ЧИТАТЕЛЬ (краснея, бледнея, зеленея, пытаясь рухнуть на колени). …А нам, как вы сами говорите, до лампочки, у нас по-простому и в пах (или в торец), по-дворовому: фашисты; нечто самого высокого бесчеловечного разбора. Вернее, самого низкого… Самого низкого же?.. Простите, ваше сверхвысоконадовсемпревосходительство.
Б-Г. Угу. Без чинов, пожалуйста.
ЧИТАТЕЛЬ. Да пожалуйста. Сэр.
Б-Г. Итак, Ницше, поздравляю: вы — фашист. Не скажете, почему?
НИЦШЕ. Фашист?
Б-Г. Сверхсерийный душегуб. Людоед, гм, без страха и упрёка. Бешеная, ми, крыса. Так понятнее?
НИЦШЕ. Не совсем. Это кого же я превратил в котлету и уплёл? И: чем история-то кончилась? кто победил? неужели не наши, коли вы так меня обзываете?
Б-Г. Ладно, ладно, забудьте. Не с того и не так начали, вы правы. Сейчас я переспрошу… Или, может, вы, Читатель?
ЧИТАТЕЛЬ (волнуясь). Почему, сволочь? Почем ты такая сволочь?

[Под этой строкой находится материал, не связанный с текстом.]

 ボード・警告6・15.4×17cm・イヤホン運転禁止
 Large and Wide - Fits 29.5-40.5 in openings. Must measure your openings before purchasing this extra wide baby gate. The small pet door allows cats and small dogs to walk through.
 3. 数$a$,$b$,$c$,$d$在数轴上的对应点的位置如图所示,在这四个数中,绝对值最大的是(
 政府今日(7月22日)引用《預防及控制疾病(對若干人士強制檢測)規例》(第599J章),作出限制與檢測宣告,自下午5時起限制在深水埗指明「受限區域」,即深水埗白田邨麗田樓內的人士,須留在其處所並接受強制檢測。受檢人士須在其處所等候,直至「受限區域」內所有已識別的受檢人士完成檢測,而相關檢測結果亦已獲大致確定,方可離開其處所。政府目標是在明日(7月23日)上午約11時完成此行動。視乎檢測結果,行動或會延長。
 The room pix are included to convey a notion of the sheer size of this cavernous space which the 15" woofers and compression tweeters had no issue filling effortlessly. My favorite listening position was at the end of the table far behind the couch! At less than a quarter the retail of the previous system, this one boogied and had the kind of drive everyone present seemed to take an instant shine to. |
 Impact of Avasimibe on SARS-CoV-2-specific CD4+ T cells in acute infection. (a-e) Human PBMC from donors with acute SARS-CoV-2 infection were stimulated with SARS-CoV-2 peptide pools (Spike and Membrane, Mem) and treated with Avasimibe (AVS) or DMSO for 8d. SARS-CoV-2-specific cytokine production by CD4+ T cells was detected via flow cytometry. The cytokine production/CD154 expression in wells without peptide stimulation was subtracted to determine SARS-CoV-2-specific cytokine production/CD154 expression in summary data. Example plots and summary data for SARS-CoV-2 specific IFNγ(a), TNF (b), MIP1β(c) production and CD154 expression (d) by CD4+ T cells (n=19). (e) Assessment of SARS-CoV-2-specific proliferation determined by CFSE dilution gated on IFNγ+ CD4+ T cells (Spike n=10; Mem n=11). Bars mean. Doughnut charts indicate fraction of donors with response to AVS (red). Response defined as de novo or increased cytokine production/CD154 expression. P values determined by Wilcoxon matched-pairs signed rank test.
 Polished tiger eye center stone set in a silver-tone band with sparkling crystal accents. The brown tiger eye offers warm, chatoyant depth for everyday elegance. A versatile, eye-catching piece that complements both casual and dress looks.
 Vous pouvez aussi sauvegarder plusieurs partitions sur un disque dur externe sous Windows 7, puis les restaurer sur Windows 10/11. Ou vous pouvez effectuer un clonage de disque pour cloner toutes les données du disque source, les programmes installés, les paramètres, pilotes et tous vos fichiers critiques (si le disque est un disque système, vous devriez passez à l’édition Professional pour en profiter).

НИЦШЕ. Потому. Потому что я выкарабкиваюсь, а вы те-о-ре-ти-зи-ру-е-те. Вы бренчите, брызгая чистенькой слюной. Особенно этот, жилец вершин из лучшей слоновой кости, такой весь белее мела и такой весь мохеровый, что хочется придушить в щекотливых объятьях. Творец, фа. Спаситель, соль. Простите, сэр, но вы попросту развонялись. И вообще, как говорится, докажите своё существование… Мало ли кто может светить мне в глаза… паяльной (паяльной-паяльной) лампой во время возмутительного допроса… А мне разваниваться некогда: мне надо выкарабкиваться, потому что настоятельно попросили убить всех этих и тех тоже. На этих, впрочем, можно воду возить, поэтому к их убийству можно относиться пренебрежительно, а вот тех сказали под корень. Ну не нравятся они нашему верховоду. А нам они до лампочки, но нас ими уже накормили, и, кажется, и нам они уже не по нраву, но по нраву, чем-то противны, но чем — и не скажешь, можно, можно их хавать. И если я не стану убивать — то убьют меня. И я стану ими, этими повсеместно убиваемыми, а я не хочу, вот просто не хочу, очень не хочу, вообще не хочу, с какой вдруг стати мне хотеть? И пианино деточке надобно. А без меня у неё не будет инструмента и учителя, а она такая неожиданно способная (и откуда что берётся). Она, может, Рихтер, Святослава Теофиловна. Или она, может, какая-нибудь Сати, Эрика (он же не из тех? он же из чистой семьи?). А ещё нашим мальчикам очень нужна кровь, наши мальчики обескровлены тяжёлыми наступательными боями, а я же наш, и отечество в опасности, и никуда от этого не деться, как, скажите, мне стать ненашим? А эти деточки — лучший источник крови.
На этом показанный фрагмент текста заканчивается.